What you should do »
When you reach the line with "彫刻刀はPOWERGRIPの丸刀を二本、1.5mmと4.5mmです" in the listing below, write out that line and every one after it exactly, and skip the pictures.

Source material »
----
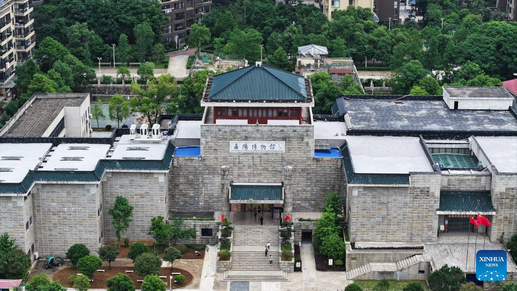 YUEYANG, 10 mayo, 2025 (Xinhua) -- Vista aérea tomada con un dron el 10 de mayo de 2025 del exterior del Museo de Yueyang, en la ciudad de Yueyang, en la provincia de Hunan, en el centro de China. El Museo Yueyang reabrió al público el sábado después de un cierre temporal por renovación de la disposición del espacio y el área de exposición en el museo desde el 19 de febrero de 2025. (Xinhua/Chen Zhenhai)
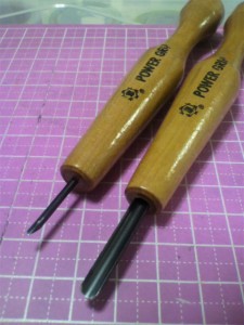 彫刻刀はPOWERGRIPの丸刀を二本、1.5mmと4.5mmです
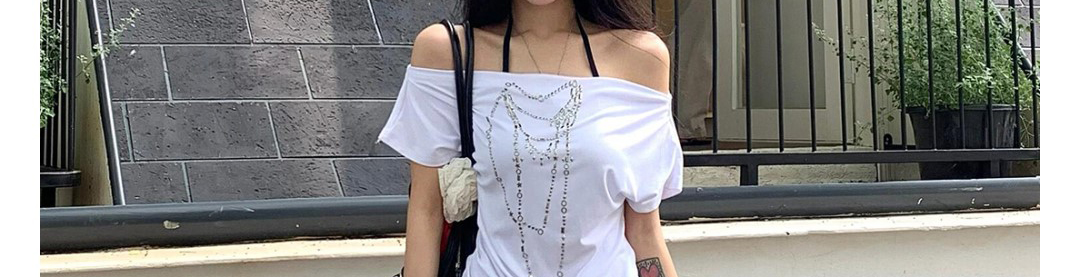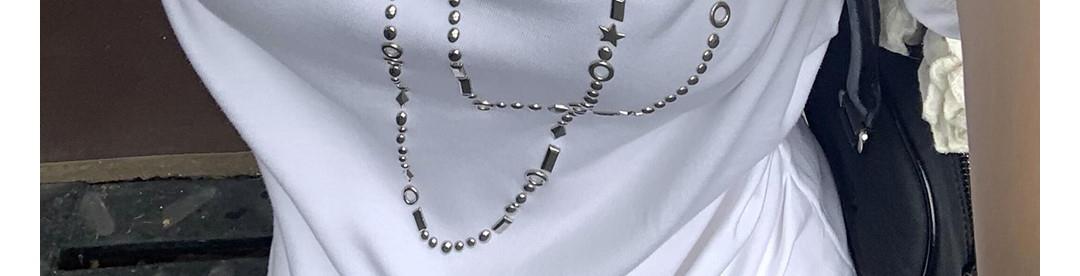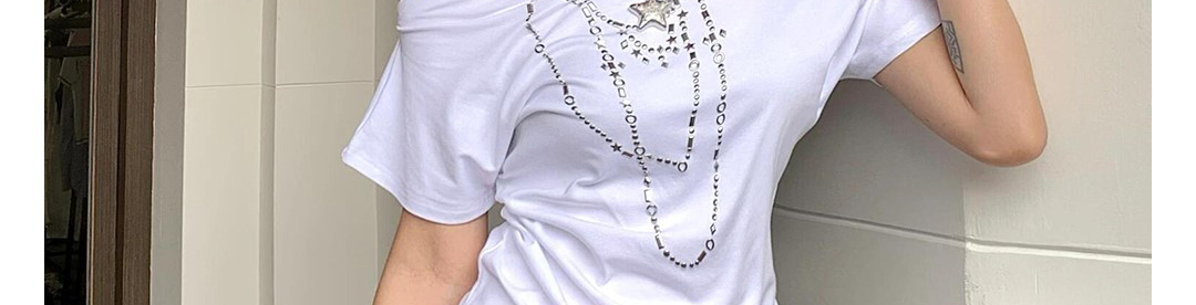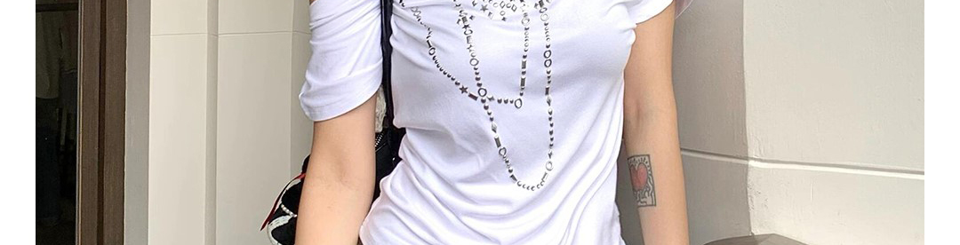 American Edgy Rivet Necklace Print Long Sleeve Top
----
Worked solution »
 彫刻刀はPOWERGRIPの丸刀を二本、1.5mmと4.5mmです
 American Edgy Rivet Necklace Print Long Sleeve Top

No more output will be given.